When used for testing purposes, the primary objective of respondent debriefing is to determine whether concepts and questions are understood by respondents in the same way that the survey designers intend. Sufficient information is obtained to evaluate the extent to which reported data are consistent with survey definitions. For instance, respondents may be asked whether they included or excluded particular items in their answers, per definitions. In economic surveys, use of records and/or estimation strategies may also be queried. In addition, respondent debriefings can be useful in determining the reason for respondent misunderstandings. Sometimes results of respondent debriefing show that a question is superfluous and can be eliminated from the final questionnaire. Conversely, it may be discovered that additional questions need to be included in the final questionnaire to better operationalize the concept of interest. Finally, the data may show that concepts or questions cause confusion or misunderstanding as far as the intended meaning is concerned.

A critical aspect of a successful respondent debriefing is that question designers and researchers must have a clear idea of potential problems so that good debriefing questions can be developed. Ideas about potential problems can come from pre-field techniques (e.g., cognitive interviews) conducted prior to the field test, from analysis of data from a previous survey, from careful review of questionnaires, or from observation of earlier interviews.
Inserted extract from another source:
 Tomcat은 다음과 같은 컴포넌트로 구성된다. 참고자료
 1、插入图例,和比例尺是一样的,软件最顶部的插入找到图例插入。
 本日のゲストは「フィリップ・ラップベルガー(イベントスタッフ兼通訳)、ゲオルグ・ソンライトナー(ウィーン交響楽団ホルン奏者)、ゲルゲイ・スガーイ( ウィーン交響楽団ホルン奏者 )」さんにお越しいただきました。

Respondent debriefings have the potential to supplement the information obtained from behavior coding. As noted above, behavior coding demonstrates the existence of problems but does not always indicate the source of the problem. When designed properly, the results of respondent debriefing can provide information about the sources. In addition, respondent debriefing may reveal problems not evident from the response behavior.

Interviewer Debriefing has traditionally been the primary method used to evaluate field or pilot tests of interviewer-administered surveys. It also may be used following production data collection prior to redesigning an ongoing periodic or recurring survey. Interviewer debriefing consists of group discussions and/or structured questionnaires with the interviewers who conducted the test to obtain their views of questionnaire problems. The objective is to use the interviewers' direct contact with respondents to enrich the questionnaire designer's understanding of questionnaire problems. While it is a useful evaluation component, it is not sufficient as an evaluation method and does not meet the minimal pretest standards. Interviewers may not always be accurate reporters of certain types of questionnaire problems for several reasons. When interviewers report a problem, we do not know whether it was troublesome for one respondent or for many. Interviewers' reports of problem questions may reflect their own preference for a question rather than respondent confusion. Also, experienced interviewers sometimes change the wording of problem questions as a matter of course to make them work, and may not even realize they have done so.
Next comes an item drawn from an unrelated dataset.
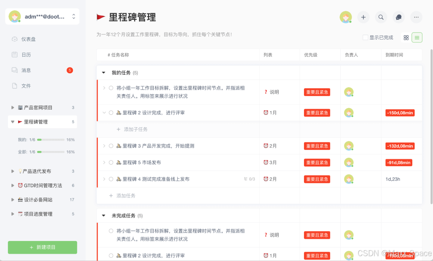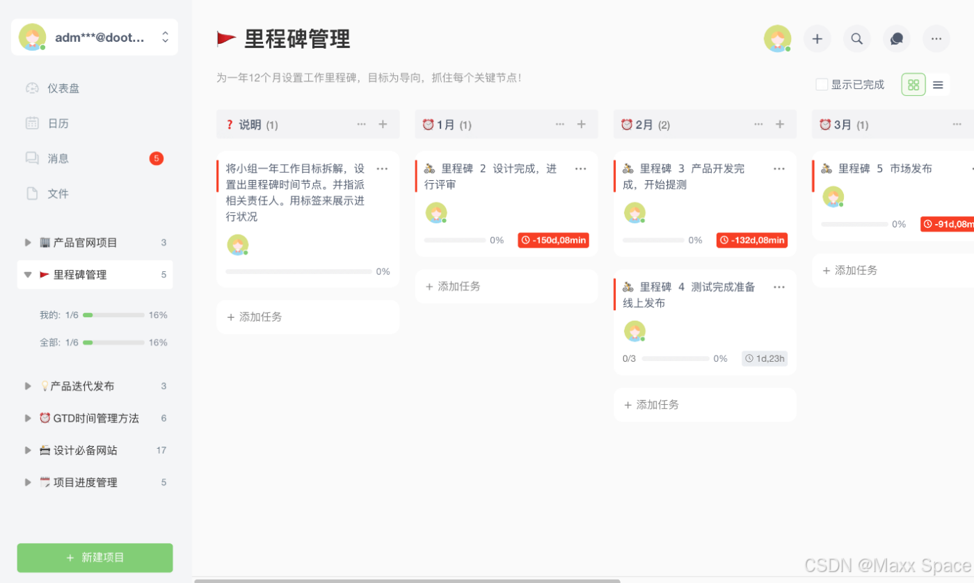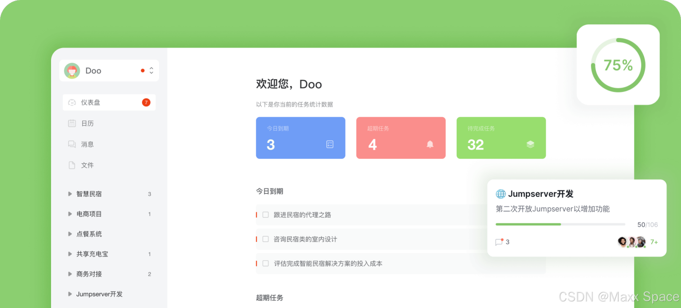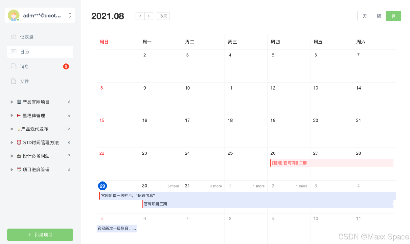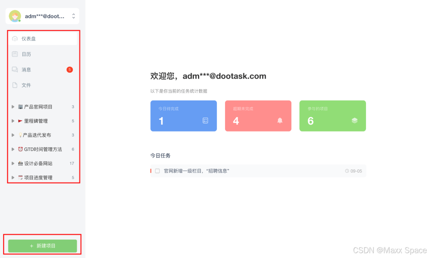 仪表盘主要展示项目概述信息:显示任务统计数据(显示今日到期任务、超期任务、待完成任务)和左侧功能栏:日历、消息、文件、项目列表和新建项目功能

Interviewer debriefings can be conducted in several different ways: in a group setting, through rating forms, or through standardized questionnaires. Group setting debriefings are the most common method. They essentially involve conducting a focus group with the field test interviewers to learn about their experiences in administering the questionnaire. Rating forms obtain more quantitative information by asking interviewers to rate each question in the pretest questionnaire on selected characteristics of interest to the researchers (e.g., whether the interviewer had trouble reading the question as written, whether the respondent understood the words or ideas in the question). Standardized interviewer debriefing questionnaires collect information about the interviewers' perceptions of the problem, prevalence of a problem, reasons for the problem, and proposed solutions to a problem. They can also be used to ask about the magnitude of specific kinds of problems to test the interviewers' knowledge of subject-matter concepts.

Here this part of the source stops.